We plan to refactor the `TableEngine` trait into `RegionEngine` gradually. This RFC focuses on the `mito` engine as it is the default table engine and the most complicated engine.

Currently, we built `MitoEngine` upon `StorageEngine` that manages regions of the `mito` engine.
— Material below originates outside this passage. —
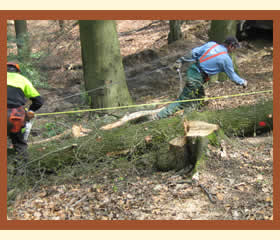 Nachdem der Keil gesägt ist, wird der Baum mit dem Seil endgültig zu Fall gebracht. Sofort wird er vermessen (gelbes Maßband) und die Maße notiert. |
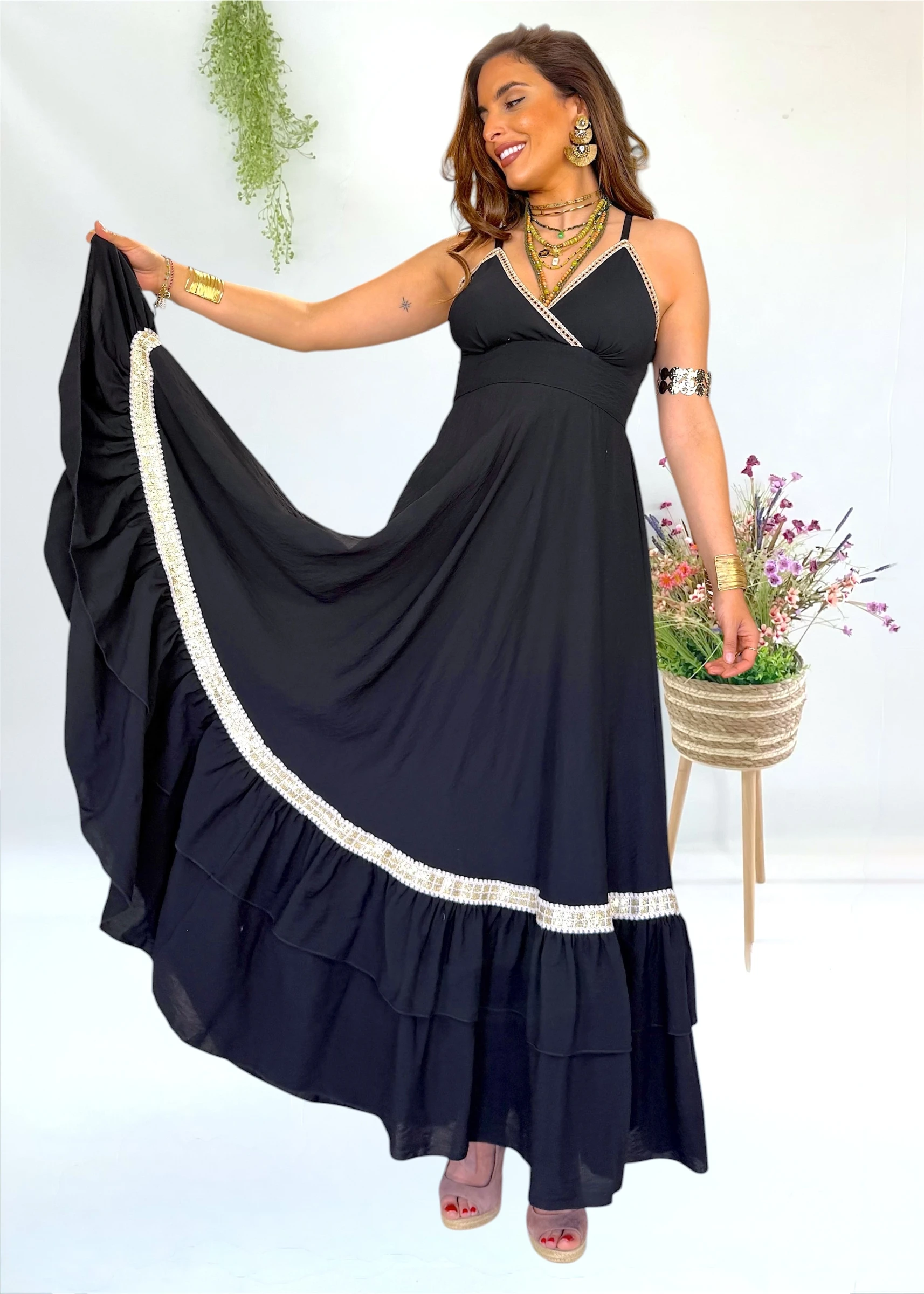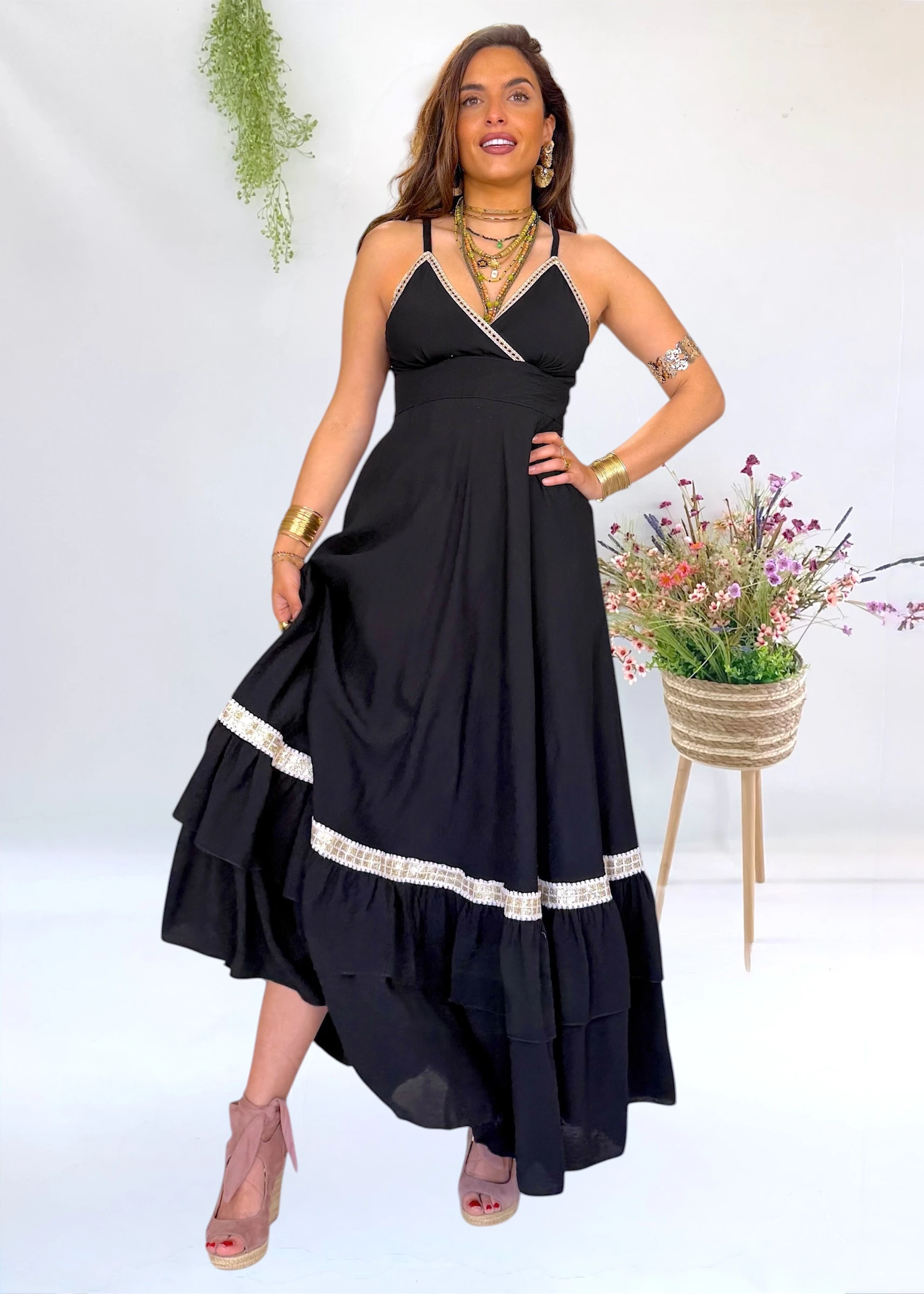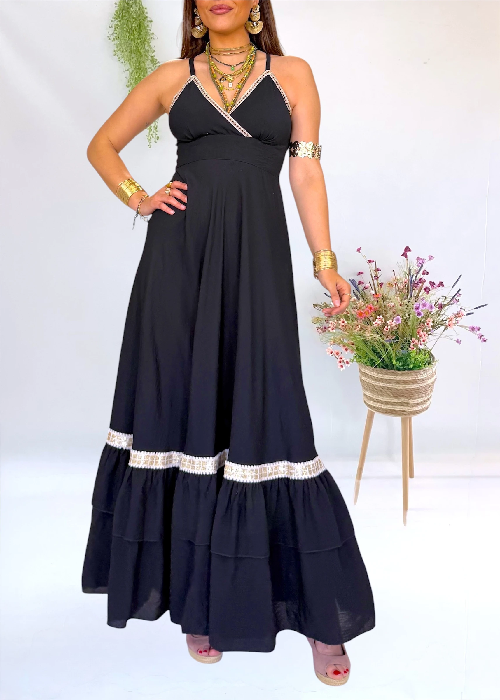 Vestido largo negro de la firma Trilce, diseño y moda española, con escote cruzado y espalda elástica. Ligero, y con un aire natural muy especial 🌿✨

Since `MitoEngine` becomes a region engine, we could combine `StorageEngine` with `MitoEngine` to simplify our code structure.
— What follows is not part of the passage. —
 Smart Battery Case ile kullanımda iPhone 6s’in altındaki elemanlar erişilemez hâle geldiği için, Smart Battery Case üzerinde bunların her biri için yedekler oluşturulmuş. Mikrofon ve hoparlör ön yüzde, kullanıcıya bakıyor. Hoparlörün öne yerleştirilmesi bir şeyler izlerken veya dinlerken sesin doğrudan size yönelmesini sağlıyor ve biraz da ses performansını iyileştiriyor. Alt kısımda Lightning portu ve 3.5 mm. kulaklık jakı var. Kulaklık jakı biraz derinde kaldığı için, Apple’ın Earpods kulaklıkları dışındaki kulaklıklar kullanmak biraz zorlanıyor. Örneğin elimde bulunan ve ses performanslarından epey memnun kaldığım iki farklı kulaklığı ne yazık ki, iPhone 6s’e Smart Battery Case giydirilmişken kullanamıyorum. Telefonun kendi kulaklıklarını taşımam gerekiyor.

The chart below shows the overall architecture of the `MitoEngine`.

```mermaid
classDiagram
class MitoEngine~LogStore~ {
-WorkerGroup workers
}
class MitoRegion {
+VersionControlRef version_control
-RegionId region_id
-String manifest_dir
-AtomicI64 last_flush_millis
+region_id() RegionId
+scan() ChunkReaderImpl
}
class RegionMap {
-HashMap&lt;RegionId, MitoRegionRef&gt; regions
}
class ChunkReaderImpl

class WorkerGroup {
-Vec~RegionWorker~ workers
}
class RegionWorker {
-RegionMap regions
-Sender sender
-JoinHandle handle
}
class RegionWorkerThread~LogStore~ {
-RegionMap regions
-Receiver receiver
-Wal~LogStore~ wal
-ObjectStore object_store
-MemtableBuilderRef memtable_builder
-FlushSchedulerRef~LogStore~ flush_scheduler
-FlushStrategy flush_strategy
-CompactionSchedulerRef~LogStore~ compaction_scheduler
-FilePurgerRef file_purger
}
class Wal~LogStore~ {
-LogStore log_store
}
class MitoConfig

MitoEngine~LogStore~ o-- MitoConfig
MitoEngine~LogStore~ o-- MitoRegion
MitoEngine~LogStore~ o-- WorkerGroup
MitoRegion o-- VersionControl
MitoRegion -- ChunkReaderImpl
WorkerGroup o-- RegionWorker
RegionWorker o-- RegionMap
RegionWorker -- RegionWorkerThread~LogStore~
RegionWorkerThread~LogStore~ o-- RegionMap
RegionWorkerThread~LogStore~ o-- Wal~LogStore~
```

We replace the `RegionWriter` with `RegionWorker` to process write requests and DDL requests.


## Metadata
We also merge region's metadata with table's metadata. It should make metadata much easier to maintain.
```mermaid
classDiagram
class VersionControl {
-CowCell~Version~ version
-AtomicU64 committed_sequence
}
class Version {
-RegionMetadataRef metadata
-MemtableVersionRef memtables
-LevelMetasRef ssts
-SequenceNumber flushed_sequence
-ManifestVersion manifest_version
}
class MemtableVersion {
-MemtableRef mutable
-Vec~MemtableRef~ immutables
+mutable_memtable() MemtableRef
+immutable_memtables() &[MemtableRef]
+freeze_mutable(MemtableRef new_mutable) MemtableVersion
}
class LevelMetas {
-LevelMetaVec levels
-AccessLayerRef sst_layer
-FilePurgerRef file_purger
-Option~i64~ compaction_time_window
}
class LevelMeta {
-Level level
-HashMap&lt;FileId, FileHandle&gt; files
}
class FileHandle {
-FileMeta meta
-bool compacting
-AtomicBool deleted
-AccessLayerRef sst_layer
-FilePurgerRef file_purger
}
class FileMeta {
+RegionId region_id
+FileId file_id
+Option&lt;Timestamp, Timestamp&gt; time_range
+Level level
+u64 file_size
}

VersionControl o-- Version
Version o-- RegionMetadata
Version o-- MemtableVersion
Version o-- LevelMetas
LevelMetas o-- LevelMeta
LevelMeta o-- FileHandle
FileHandle o-- FileMeta

class RegionMetadata {
+RegionId region_id
+VersionNumber version
+SchemaRef table_schema
+Vec~usize~ primary_key_indices
+Vec~usize~ value_indices
+ColumnId next_column_id
+TableOptions region_options
+DateTime~Utc~ created_on
+RegionSchemaRef region_schema
}
class RegionSchema {
-SchemaRef user_schema
-StoreSchemaRef store_schema
-ColumnsMetadataRef columns
}
class Schema
class StoreSchema {
-Vec~ColumnMetadata~ columns
-SchemaRef schema
-usize row_key_end
-usize user_column_end
}
class ColumnsMetadata {
-Vec~ColumnMetadata~ columns
-HashMap&lt;String, usize&gt; name_to_col_index
-usize row_key_end
-usize timestamp_key_index
-usize user_column_end
}
class ColumnMetadata

RegionMetadata o-- RegionSchema
RegionMetadata o-- Schema
RegionSchema o-- StoreSchema
RegionSchema o-- Schema
RegionSchema o-- ColumnsMetadata
StoreSchema o-- ColumnsMetadata
StoreSchema o-- Schema
StoreSchema o-- ColumnMetadata
ColumnsMetadata o-- ColumnMetadata
```

# Drawback
This is a breaking change.

# Future Work
- Rename `TableEngine` to `RegionEngine`
- Simplify schema relationship in the `mito` engine
- Refactor the `Datanode` into a `RegionServer`.